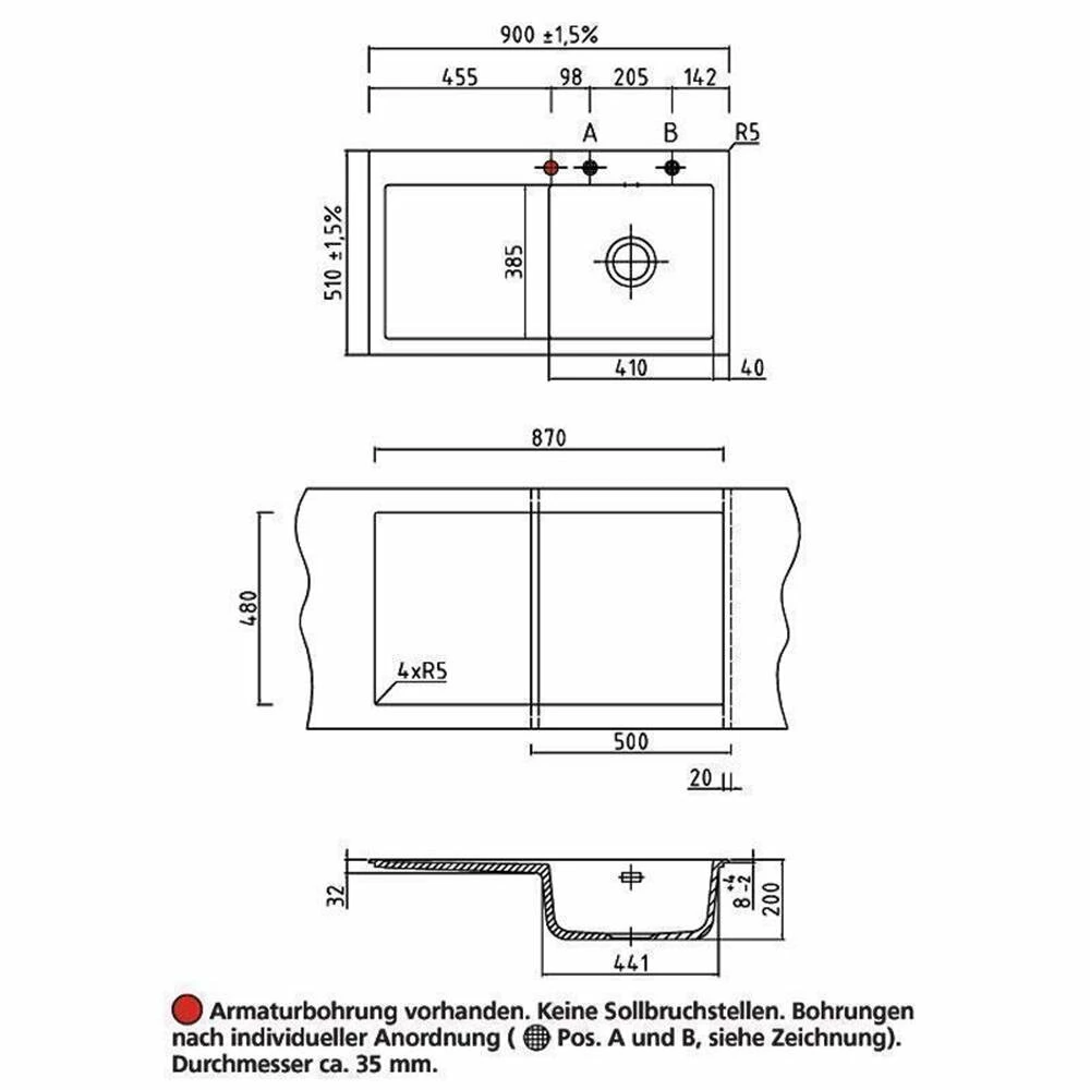 - Die Versiegelung ist optisch nicht sichtbar und reibt sich durch den Gebrauch der Spüle im Laufe der Jahre ab.
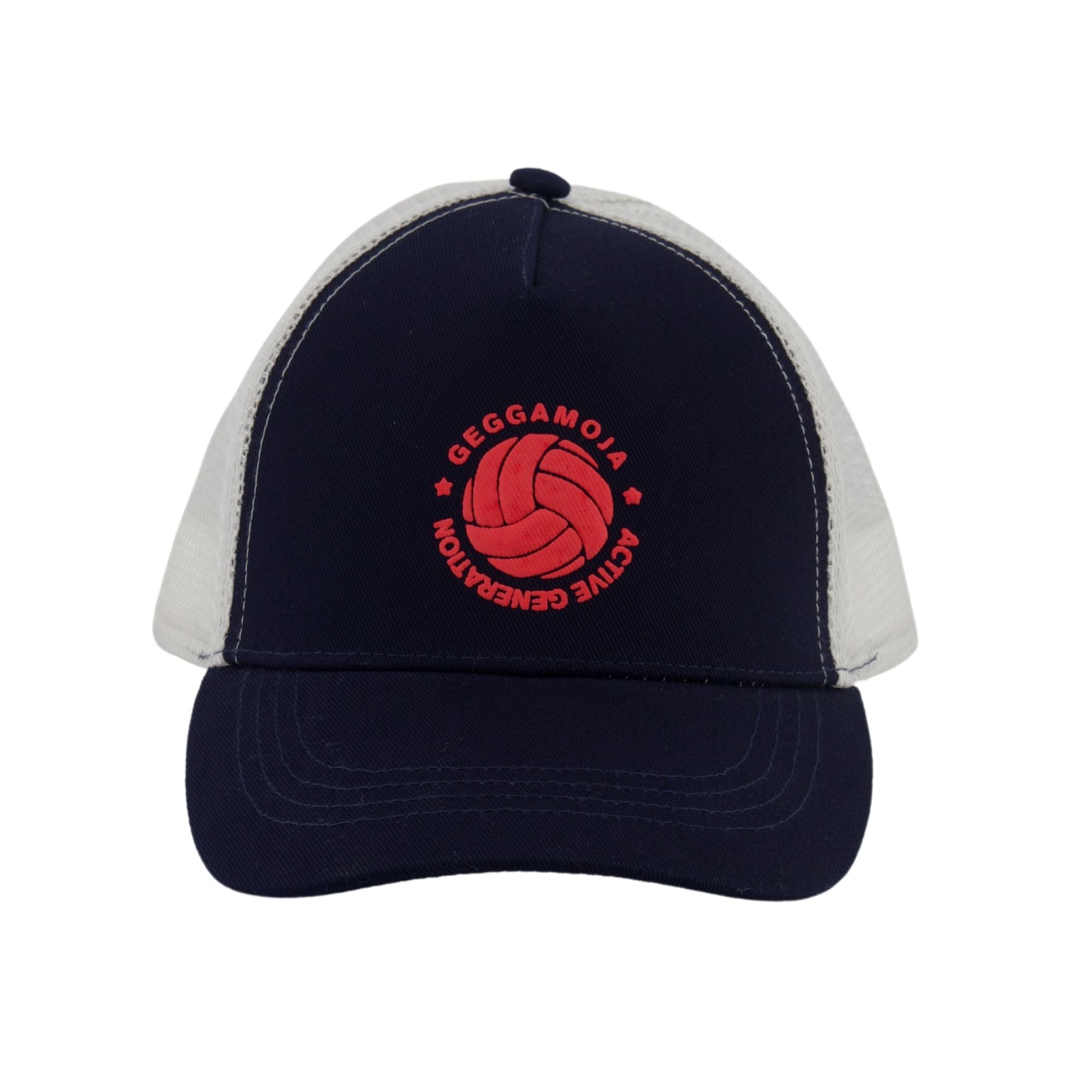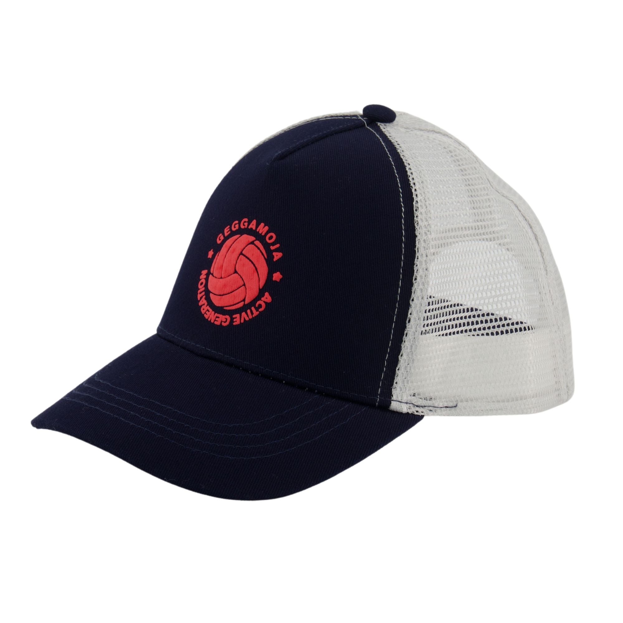 Keps med mesh baktill för varma sommardagar. Kepsen är i marinblå och grå med och har ett reglerbart spänne bak.
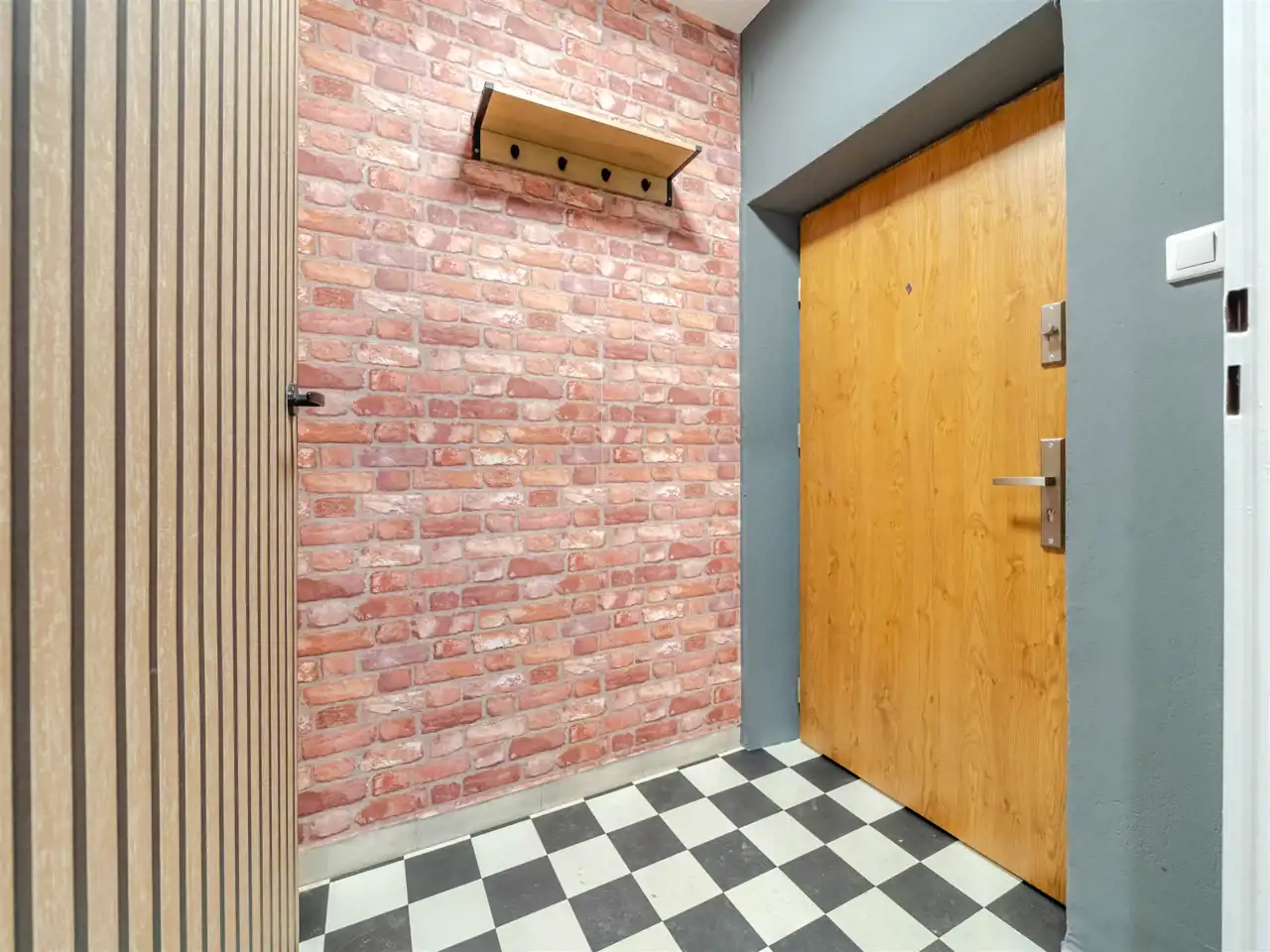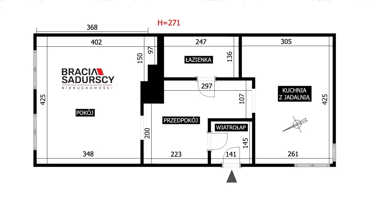 Mieszkanie położone jest na parterze. Jest układ pozwala na wyodrębnienie osobnej sypialni, z racji bardzo dużej kuchni i możliwości przeniesienia kuchni do salonu. Można również wyburzyć ścianę działową między salonem a przedpokojem zyskując ponad 3 metry kwadratowe do powierzchni pokoju dziennego. Obecnie pokój ma około 16,1 m2. Metraż całego mieszkania to 41m2. Dodatkowo jest piwnica: 3,60 m2.
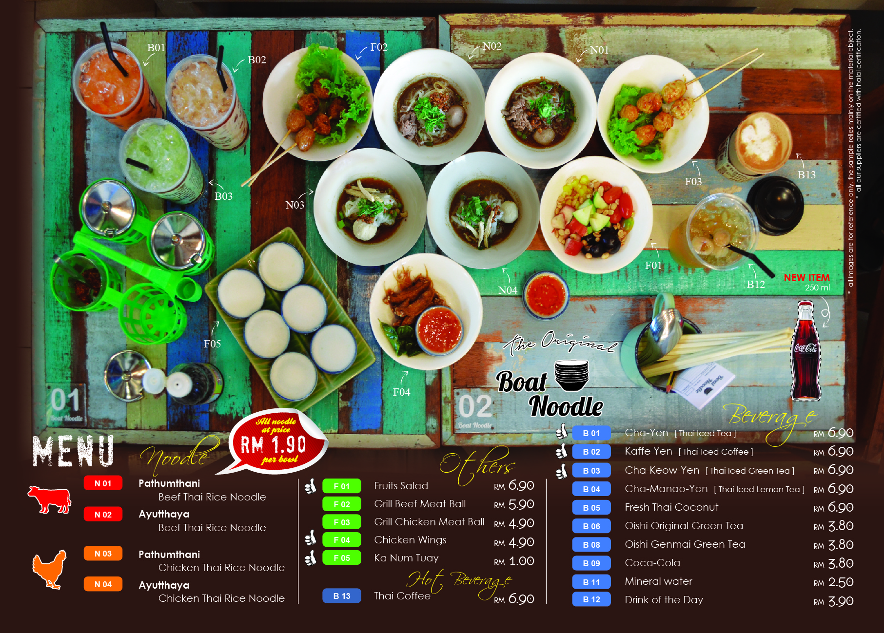 Currently, Boat Noodle has seven outlets in Malaysia, which are strategically located at Empire Damansara, The School at Jaya One, Ikon Cheras, Publika, Sutera Mall at Johor Bahru, Gamuda Walk at Kota Kemuning and Klang Parade.
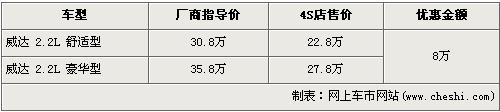 據(jù)經(jīng)銷商銷售人員介紹,威達(dá)全系現(xiàn)金優(yōu)惠8萬(wàn)元。目前歐寶威達(dá)僅2.2L舒適版和2.2L豪華版兩款車型在銷售,經(jīng)優(yōu)惠8萬(wàn)元后,2.2L豪華型售價(jià)降到了27.8萬(wàn)元,2.2L舒適型首次跌破23萬(wàn),售價(jià)僅為22.8萬(wàn)元,F(xiàn)車的數(shù)量一般顏色也不是很齊全,消費(fèi)者挑選的余地很受限制。
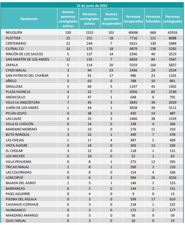 Este martes, el comité de emergencia provincial reportó 13 personas fallecidas y 265 nuevos casos confirmados de coronavirus en la provincia de Neuquén. Aunque disminuyó con respecto a otras semanas el número de nuevos contagios, no desciende el número de víctimas fatales.
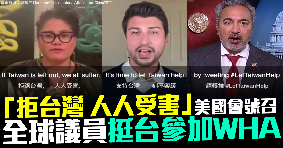 「對中政策跨國議會聯盟」(The Inter-Parliamentary Alliance on China,IPAC)由跨五大洲19國、超過200位議員組成,特別在推特發布影片,力挺台灣參加WHA,稱讚台灣是抗疫的全世界典範,並譴責北京阻擋台灣加入WHA。

****

Task item
Your task is an exact printout of the records above, with no pictures.

Response area
 - Die Versiegelung ist optisch nicht sichtbar und reibt sich durch den Gebrauch der Spüle im Laufe der Jahre ab.
 Keps med mesh baktill för varma sommardagar. Kepsen är i marinblå och grå med och har ett reglerbart spänne bak.
 Mieszkanie położone jest na parterze. Jest układ pozwala na wyodrębnienie osobnej sypialni, z racji bardzo dużej kuchni i możliwości przeniesienia kuchni do salonu. Można również wyburzyć ścianę działową między salonem a przedpokojem zyskując ponad 3 metry kwadratowe do powierzchni pokoju dziennego. Obecnie pokój ma około 16,1 m2. Metraż całego mieszkania to 41m2. Dodatkowo jest piwnica: 3,60 m2.
 Currently, Boat Noodle has seven outlets in Malaysia, which are strategically located at Empire Damansara, The School at Jaya One, Ikon Cheras, Publika, Sutera Mall at Johor Bahru, Gamuda Walk at Kota Kemuning and Klang Parade.
 據(jù)經(jīng)銷商銷售人員介紹,威達(dá)全系現(xiàn)金優(yōu)惠8萬(wàn)元。目前歐寶威達(dá)僅2.2L舒適版和2.2L豪華版兩款車型在銷售,經(jīng)優(yōu)惠8萬(wàn)元后,2.2L豪華型售價(jià)降到了27.8萬(wàn)元,2.2L舒適型首次跌破23萬(wàn),售價(jià)僅為22.8萬(wàn)元,F(xiàn)車的數(shù)量一般顏色也不是很齊全,消費(fèi)者挑選的余地很受限制。
 Este martes, el comité de emergencia provincial reportó 13 personas fallecidas y 265 nuevos casos confirmados de coronavirus en la provincia de Neuquén. Aunque disminuyó con respecto a otras semanas el número de nuevos contagios, no desciende el número de víctimas fatales.
 「對中政策跨國議會聯盟」(The Inter-Parliamentary Alliance on China,IPAC)由跨五大洲19國、超過200位議員組成,特別在推特發布影片,力挺台灣參加WHA,稱讚台灣是抗疫的全世界典範,並譴責北京阻擋台灣加入WHA。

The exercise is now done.